[The records Boundary: Start]

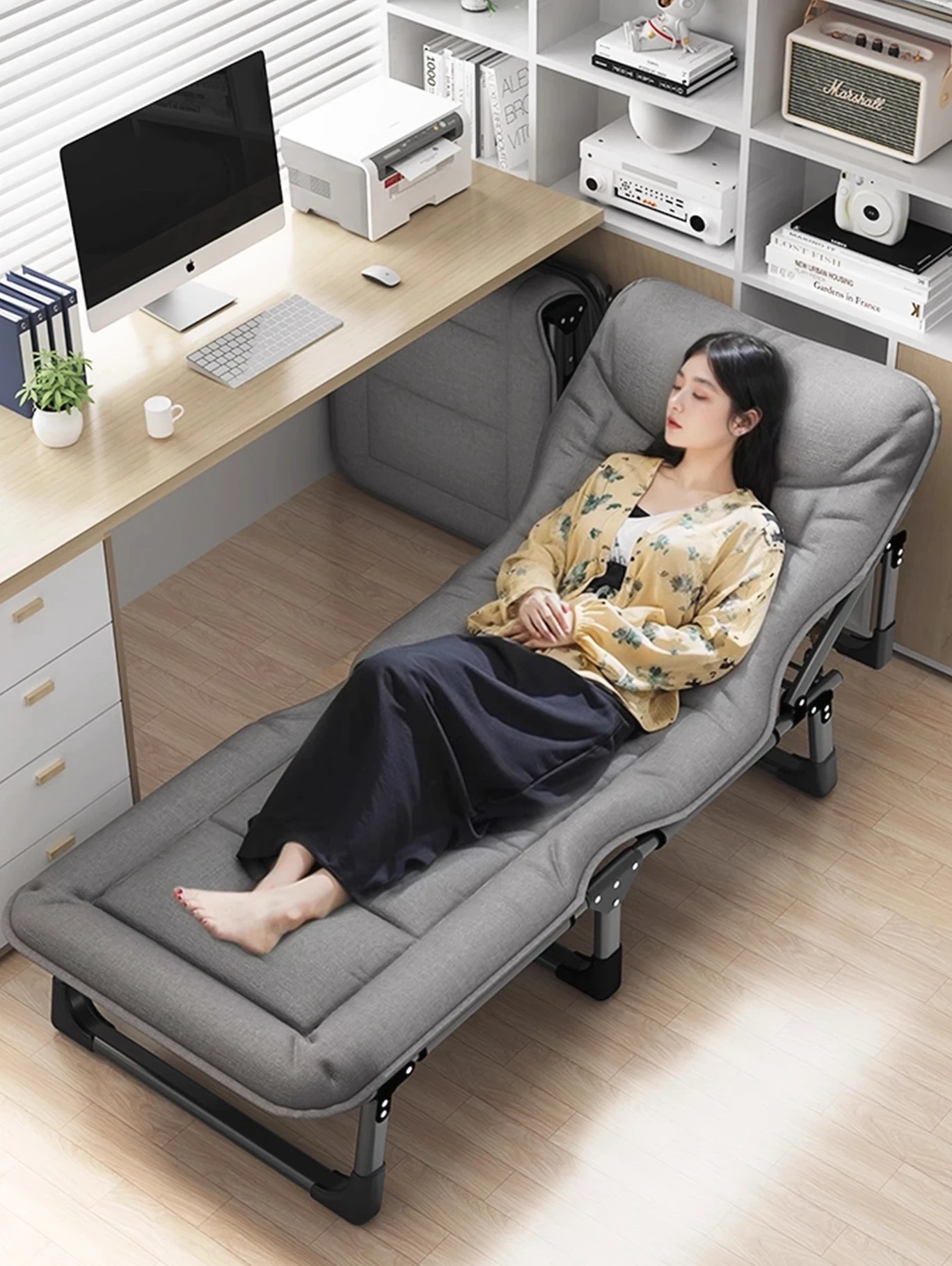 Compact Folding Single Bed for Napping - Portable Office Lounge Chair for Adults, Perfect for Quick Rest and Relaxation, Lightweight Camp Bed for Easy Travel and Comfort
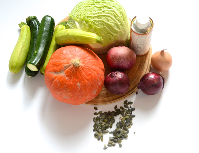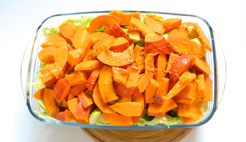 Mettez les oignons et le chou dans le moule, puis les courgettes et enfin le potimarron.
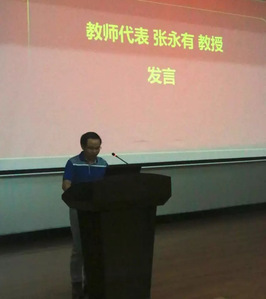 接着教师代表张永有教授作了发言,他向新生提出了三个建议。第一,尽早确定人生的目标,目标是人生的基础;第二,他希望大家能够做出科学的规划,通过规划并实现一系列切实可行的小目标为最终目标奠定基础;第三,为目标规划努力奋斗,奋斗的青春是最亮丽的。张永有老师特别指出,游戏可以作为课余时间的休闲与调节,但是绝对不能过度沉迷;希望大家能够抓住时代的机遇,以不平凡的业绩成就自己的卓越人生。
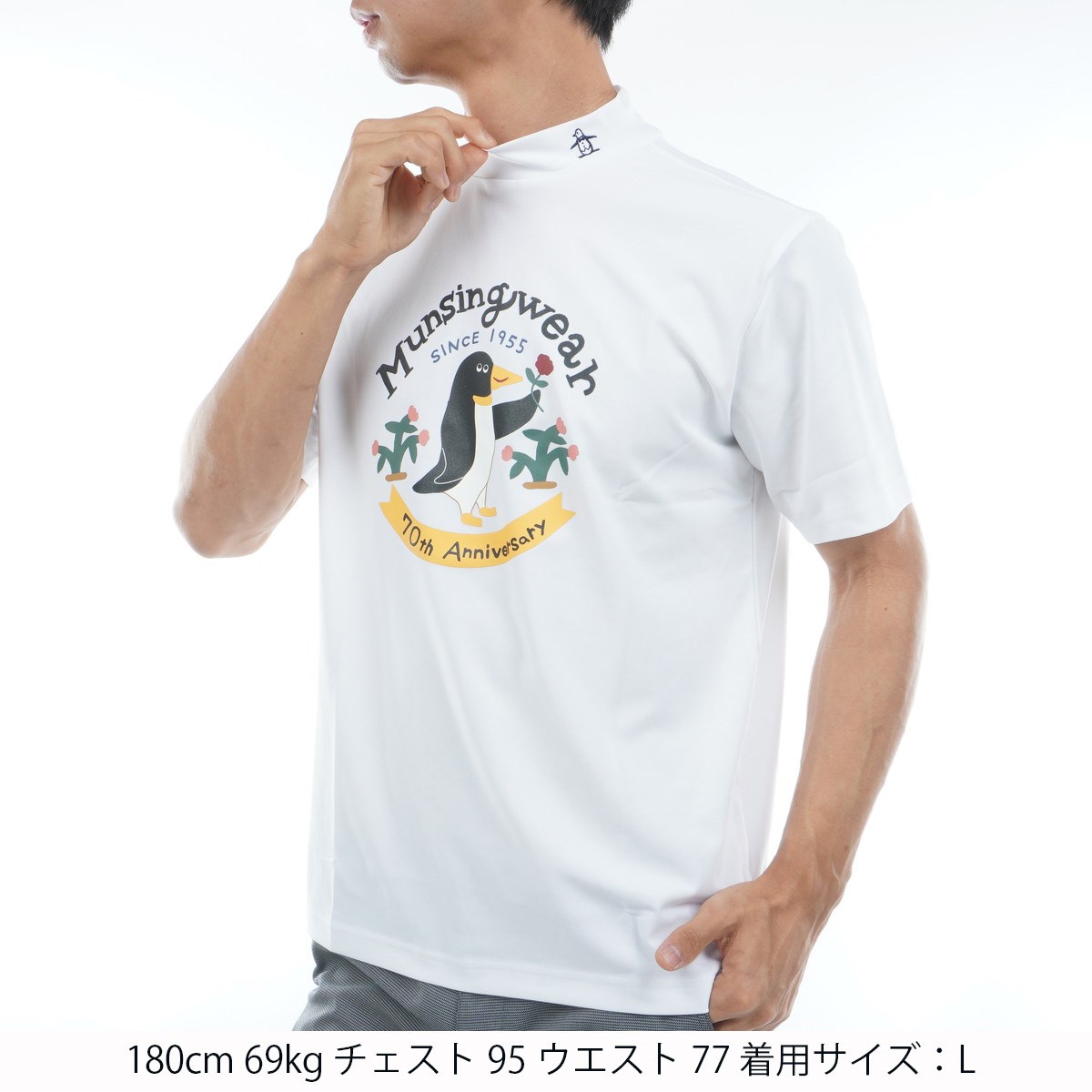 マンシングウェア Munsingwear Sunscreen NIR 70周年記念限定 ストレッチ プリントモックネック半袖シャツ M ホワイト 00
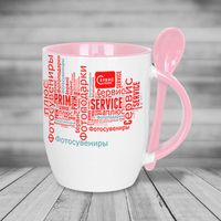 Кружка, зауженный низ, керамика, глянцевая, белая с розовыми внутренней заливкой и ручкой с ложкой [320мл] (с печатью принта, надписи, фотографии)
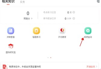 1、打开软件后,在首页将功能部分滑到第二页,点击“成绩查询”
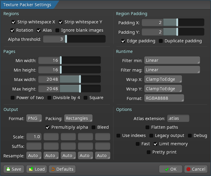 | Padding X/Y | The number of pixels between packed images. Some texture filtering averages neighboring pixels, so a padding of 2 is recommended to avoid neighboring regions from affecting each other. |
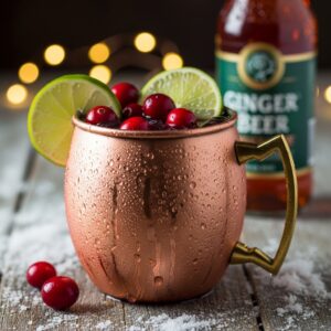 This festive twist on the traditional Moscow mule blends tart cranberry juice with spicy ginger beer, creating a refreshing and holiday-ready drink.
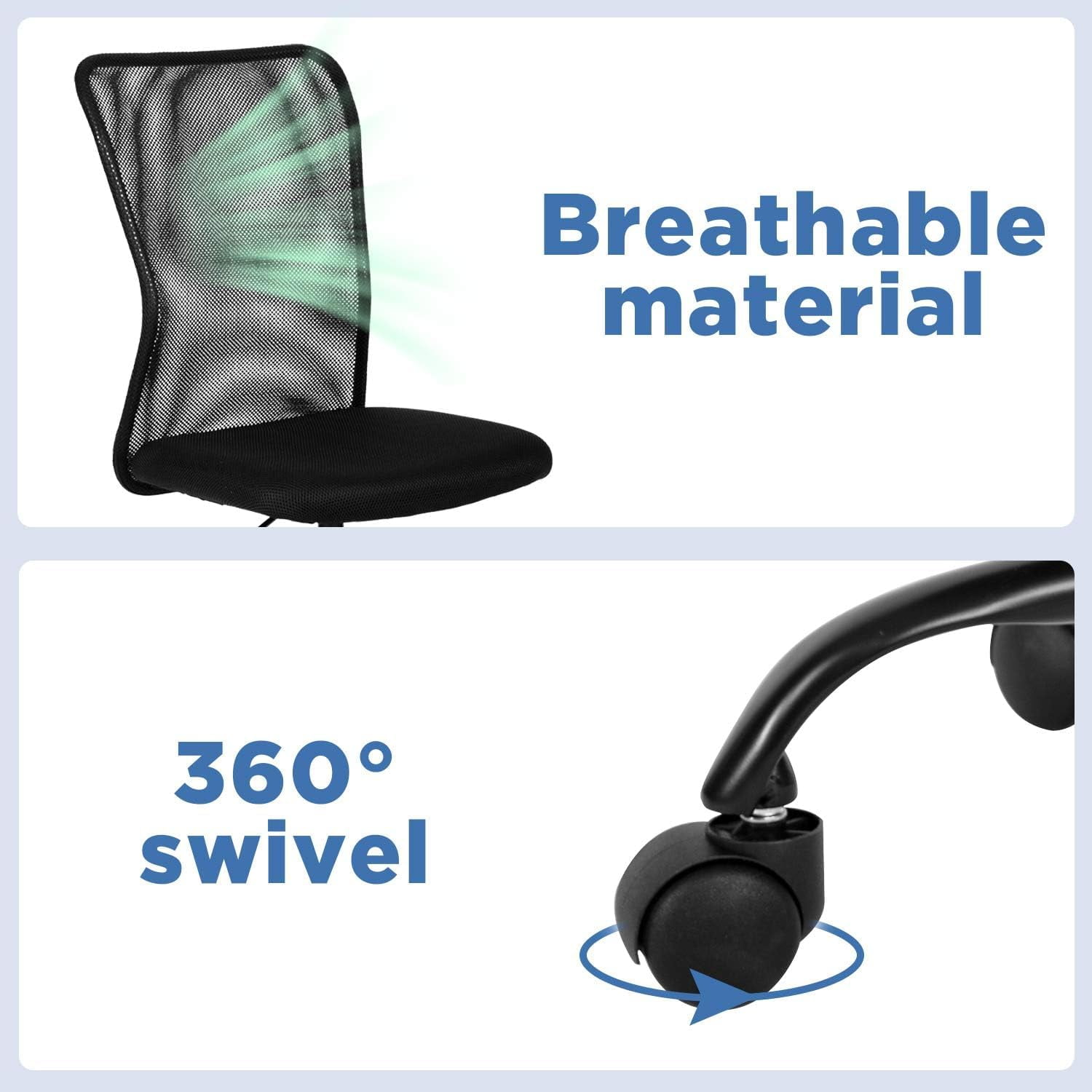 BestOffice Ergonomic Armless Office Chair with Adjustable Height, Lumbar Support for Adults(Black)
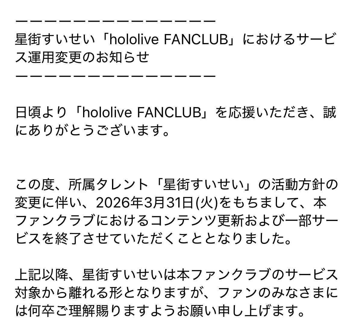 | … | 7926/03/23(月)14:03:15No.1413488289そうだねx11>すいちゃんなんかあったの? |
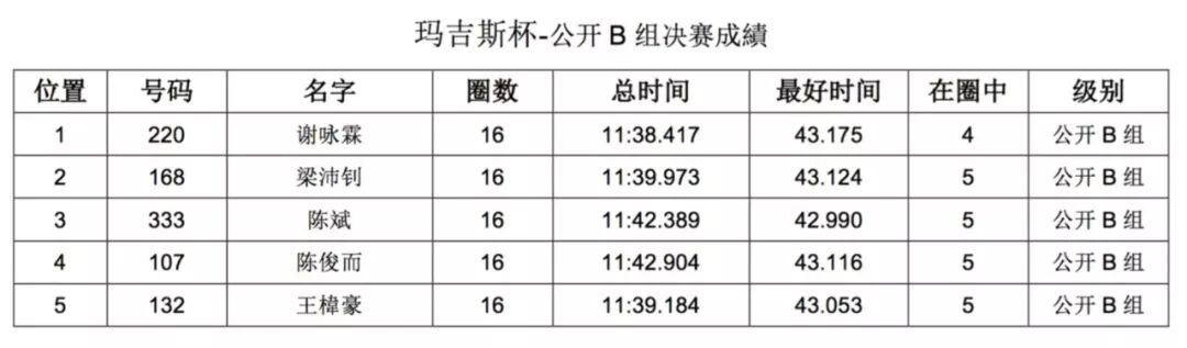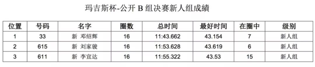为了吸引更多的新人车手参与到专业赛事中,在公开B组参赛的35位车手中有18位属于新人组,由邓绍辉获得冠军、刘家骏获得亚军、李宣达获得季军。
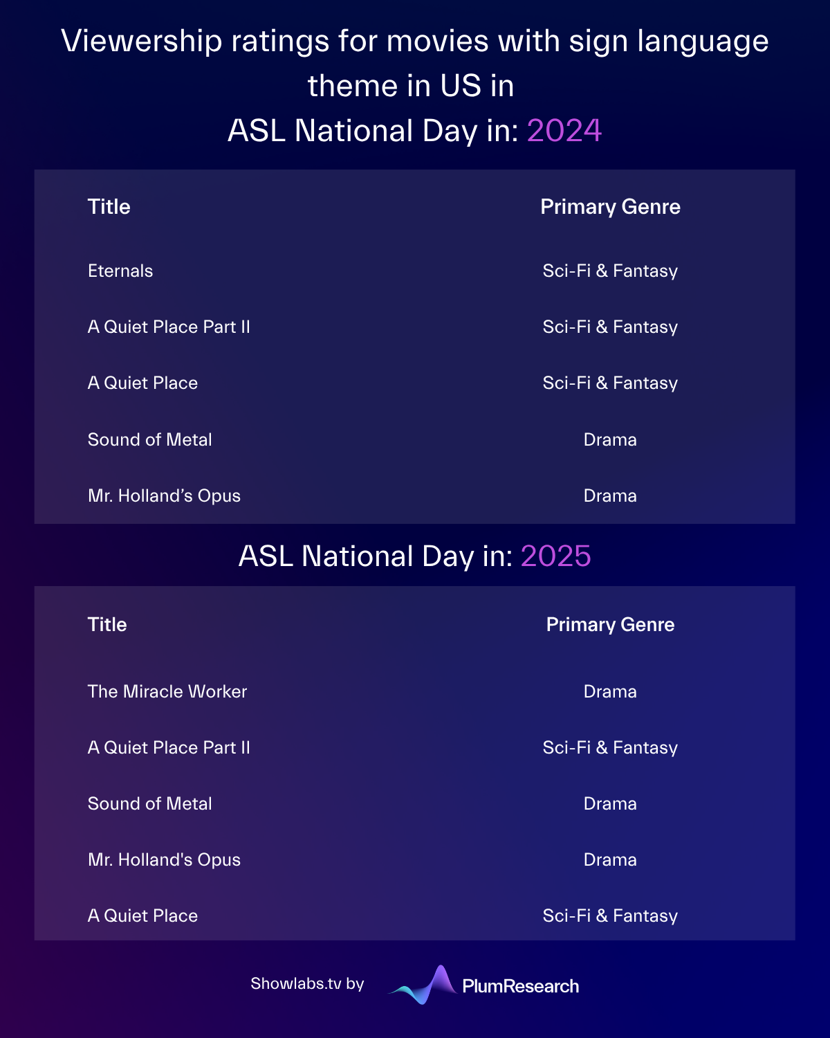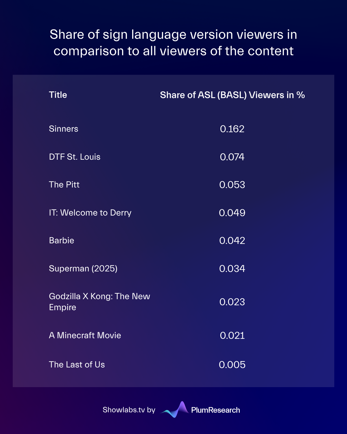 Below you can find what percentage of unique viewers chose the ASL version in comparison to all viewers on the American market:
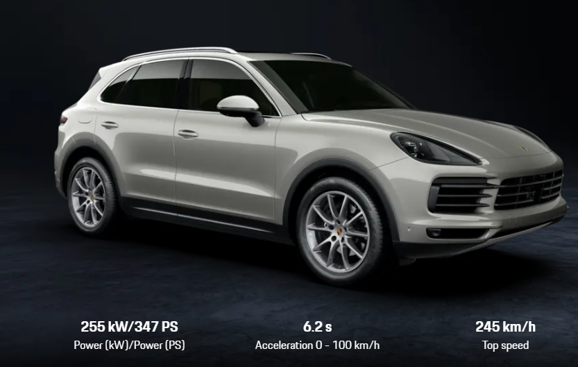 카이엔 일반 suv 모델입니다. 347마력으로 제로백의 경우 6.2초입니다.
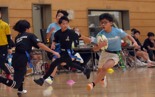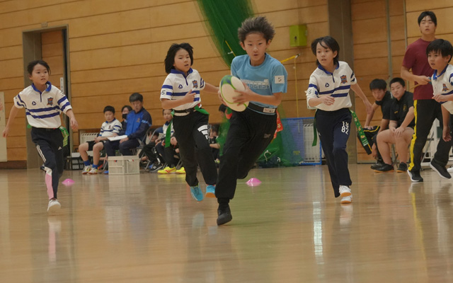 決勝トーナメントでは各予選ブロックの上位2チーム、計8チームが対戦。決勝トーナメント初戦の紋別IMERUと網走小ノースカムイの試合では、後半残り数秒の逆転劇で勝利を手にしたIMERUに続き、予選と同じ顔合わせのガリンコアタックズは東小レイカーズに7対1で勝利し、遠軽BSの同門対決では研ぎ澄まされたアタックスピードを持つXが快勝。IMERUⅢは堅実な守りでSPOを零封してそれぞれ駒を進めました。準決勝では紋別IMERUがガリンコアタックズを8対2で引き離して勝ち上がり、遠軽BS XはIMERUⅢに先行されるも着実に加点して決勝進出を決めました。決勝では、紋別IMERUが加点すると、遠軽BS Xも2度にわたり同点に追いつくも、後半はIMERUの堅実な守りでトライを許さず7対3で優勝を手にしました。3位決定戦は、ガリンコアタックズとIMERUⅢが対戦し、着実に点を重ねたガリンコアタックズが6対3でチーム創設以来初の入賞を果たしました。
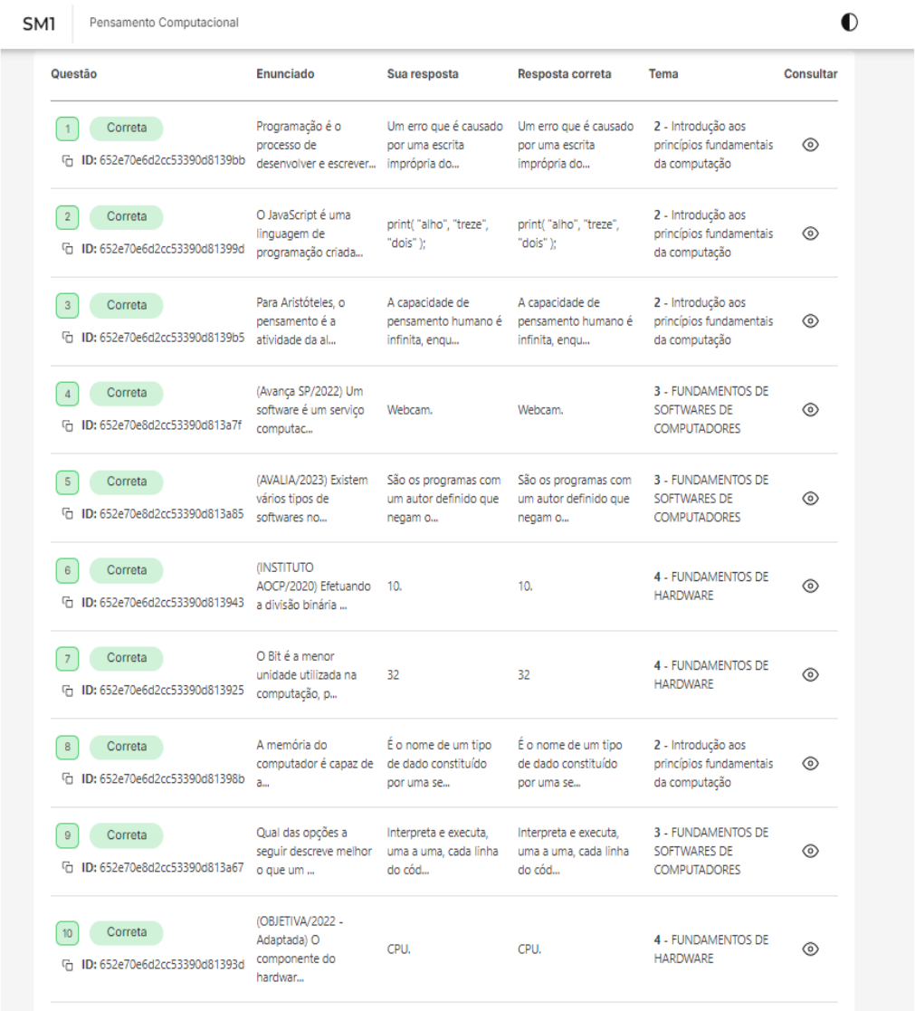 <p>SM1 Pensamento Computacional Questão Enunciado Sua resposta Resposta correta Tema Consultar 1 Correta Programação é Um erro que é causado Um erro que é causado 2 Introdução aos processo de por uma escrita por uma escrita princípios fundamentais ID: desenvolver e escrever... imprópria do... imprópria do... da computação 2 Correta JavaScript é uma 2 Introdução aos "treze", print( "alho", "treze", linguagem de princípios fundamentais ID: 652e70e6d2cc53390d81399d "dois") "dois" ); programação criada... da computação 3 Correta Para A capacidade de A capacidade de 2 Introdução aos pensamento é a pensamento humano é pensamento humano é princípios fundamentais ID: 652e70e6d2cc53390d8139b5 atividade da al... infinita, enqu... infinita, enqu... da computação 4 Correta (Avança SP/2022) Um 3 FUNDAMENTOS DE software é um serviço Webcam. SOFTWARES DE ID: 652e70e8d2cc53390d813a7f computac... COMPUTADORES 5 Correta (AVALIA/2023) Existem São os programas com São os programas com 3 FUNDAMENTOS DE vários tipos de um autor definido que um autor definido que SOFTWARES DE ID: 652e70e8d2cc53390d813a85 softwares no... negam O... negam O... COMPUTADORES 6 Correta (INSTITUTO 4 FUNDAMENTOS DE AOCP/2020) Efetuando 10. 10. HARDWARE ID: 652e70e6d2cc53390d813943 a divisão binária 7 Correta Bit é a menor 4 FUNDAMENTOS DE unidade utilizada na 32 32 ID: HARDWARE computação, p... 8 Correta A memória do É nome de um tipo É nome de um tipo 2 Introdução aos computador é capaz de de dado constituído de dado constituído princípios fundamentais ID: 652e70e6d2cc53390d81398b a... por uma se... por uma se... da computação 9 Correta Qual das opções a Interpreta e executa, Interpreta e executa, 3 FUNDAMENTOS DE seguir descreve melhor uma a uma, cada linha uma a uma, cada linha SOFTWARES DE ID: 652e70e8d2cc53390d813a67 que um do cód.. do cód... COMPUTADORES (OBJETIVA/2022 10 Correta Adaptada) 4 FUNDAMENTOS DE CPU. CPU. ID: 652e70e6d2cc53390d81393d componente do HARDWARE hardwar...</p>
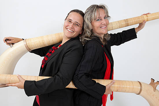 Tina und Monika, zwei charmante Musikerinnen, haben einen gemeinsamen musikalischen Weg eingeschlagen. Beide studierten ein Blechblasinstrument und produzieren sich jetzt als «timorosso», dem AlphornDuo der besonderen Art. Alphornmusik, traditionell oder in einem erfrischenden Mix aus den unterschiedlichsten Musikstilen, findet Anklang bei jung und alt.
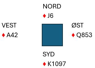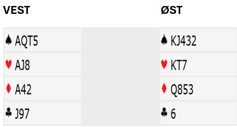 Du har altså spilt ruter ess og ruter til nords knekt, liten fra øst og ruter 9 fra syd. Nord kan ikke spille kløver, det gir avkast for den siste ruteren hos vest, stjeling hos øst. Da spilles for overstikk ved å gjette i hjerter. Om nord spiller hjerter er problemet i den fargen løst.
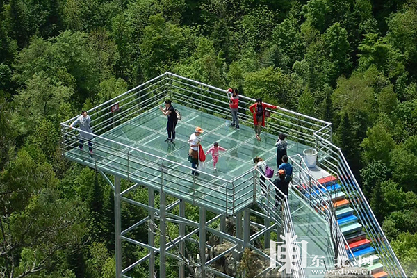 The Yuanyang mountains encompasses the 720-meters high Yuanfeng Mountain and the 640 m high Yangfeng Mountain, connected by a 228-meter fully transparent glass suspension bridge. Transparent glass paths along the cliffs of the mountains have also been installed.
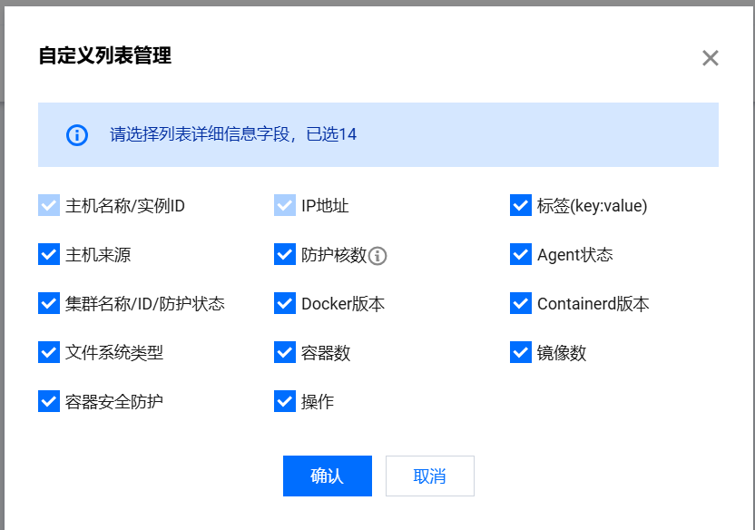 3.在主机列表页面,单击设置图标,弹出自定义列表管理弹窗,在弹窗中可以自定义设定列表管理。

[The records Boundary: End]

Return the material from the line containing "接着教师代表张永有教授作了发" through the line containing "카이엔 일반 suv 모델입니다. 347마력으로 제로백의 경우 6.2초입니다.", exactly and in full, but without its pictures.

 接着教师代表张永有教授作了发言,他向新生提出了三个建议。第一,尽早确定人生的目标,目标是人生的基础;第二,他希望大家能够做出科学的规划,通过规划并实现一系列切实可行的小目标为最终目标奠定基础;第三,为目标规划努力奋斗,奋斗的青春是最亮丽的。张永有老师特别指出,游戏可以作为课余时间的休闲与调节,但是绝对不能过度沉迷;希望大家能够抓住时代的机遇,以不平凡的业绩成就自己的卓越人生。
 マンシングウェア Munsingwear Sunscreen NIR 70周年記念限定 ストレッチ プリントモックネック半袖シャツ M ホワイト 00
 Кружка, зауженный низ, керамика, глянцевая, белая с розовыми внутренней заливкой и ручкой с ложкой [320мл] (с печатью принта, надписи, фотографии)
 1、打开软件后,在首页将功能部分滑到第二页,点击“成绩查询”
 | Padding X/Y | The number of pixels between packed images. Some texture filtering averages neighboring pixels, so a padding of 2 is recommended to avoid neighboring regions from affecting each other. |
 This festive twist on the traditional Moscow mule blends tart cranberry juice with spicy ginger beer, creating a refreshing and holiday-ready drink.
 BestOffice Ergonomic Armless Office Chair with Adjustable Height, Lumbar Support for Adults(Black)
 | … | 7926/03/23(月)14:03:15No.1413488289そうだねx11>すいちゃんなんかあったの? |
为了吸引更多的新人车手参与到专业赛事中,在公开B组参赛的35位车手中有18位属于新人组,由邓绍辉获得冠军、刘家骏获得亚军、李宣达获得季军。
 Below you can find what percentage of unique viewers chose the ASL version in comparison to all viewers on the American market:
 카이엔 일반 suv 모델입니다. 347마력으로 제로백의 경우 6.2초입니다.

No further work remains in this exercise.